TGSAI / mdio-python

Cloud native, scalable storage engine for various types of energy data.
https://mdio.dev/
Apache License 2.0
37 stars 13 forks source link

New "Cloud Native" mode for ingesting remote files from a cloud environment #467

Closed tasansal closed 1 week ago

tasansal commented 1 week ago

Summary

A new environment variable called MDIO__IMPORT__CLOUD_NATIVE trades off available bandwidth against random read latency. Added to documentation as well.

It is only helpful in a high-speed throughput environment, such as data and ingestion machine(s) in the cloud.

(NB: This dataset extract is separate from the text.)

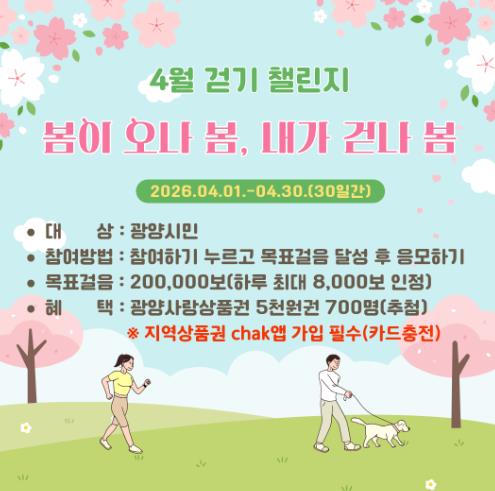 | ▲ 광양시, 워크온 ‘봄이 오나 봄, 내가 걷나 봄! 4월 걷기 챌린지’ 운영 |
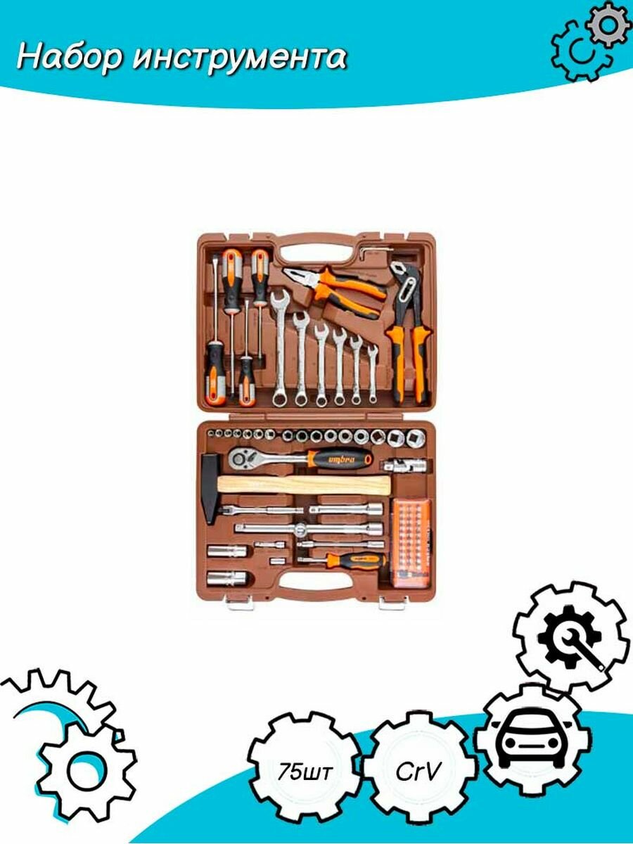 Набор слесарных инструментов Ombra, 55460/omt75s, 1/2", 1/4", кейс, 75 предметов

Values that will enable it are {"True", "1", "true"}. For instance:

$ export MDIO__IMPORT__CLOUD_NATIVE="true"

Details

When we scan the headers of a remote SEG-Y file, the ideal case is to read ONLY headers for each trace to minimize bandwidth requirements. However, this causes millions of requests, a performance bottleneck even with multiprocessing or threading. If the client has a very slow internet connection, this will still be okay. When reading local files from SSD, this is fine; mechanical drives may still be problematic and benefit from the flag.

This MDIO__IMPORT__CLOUD_NATIVE flag enables buffered reading of the file regardless of where the ingestion occurs. If the file is on the cloud, and ingestion machine(s) are on the cloud with high-throughput between machine(s) and object store, this flag works very well. The only disadvantage is it reads the file twice (just like any other buffered read). However, this tradeoff significantly increases the ingestion performance on a cloud-native environment and at a lower cost (fewer requests to the object).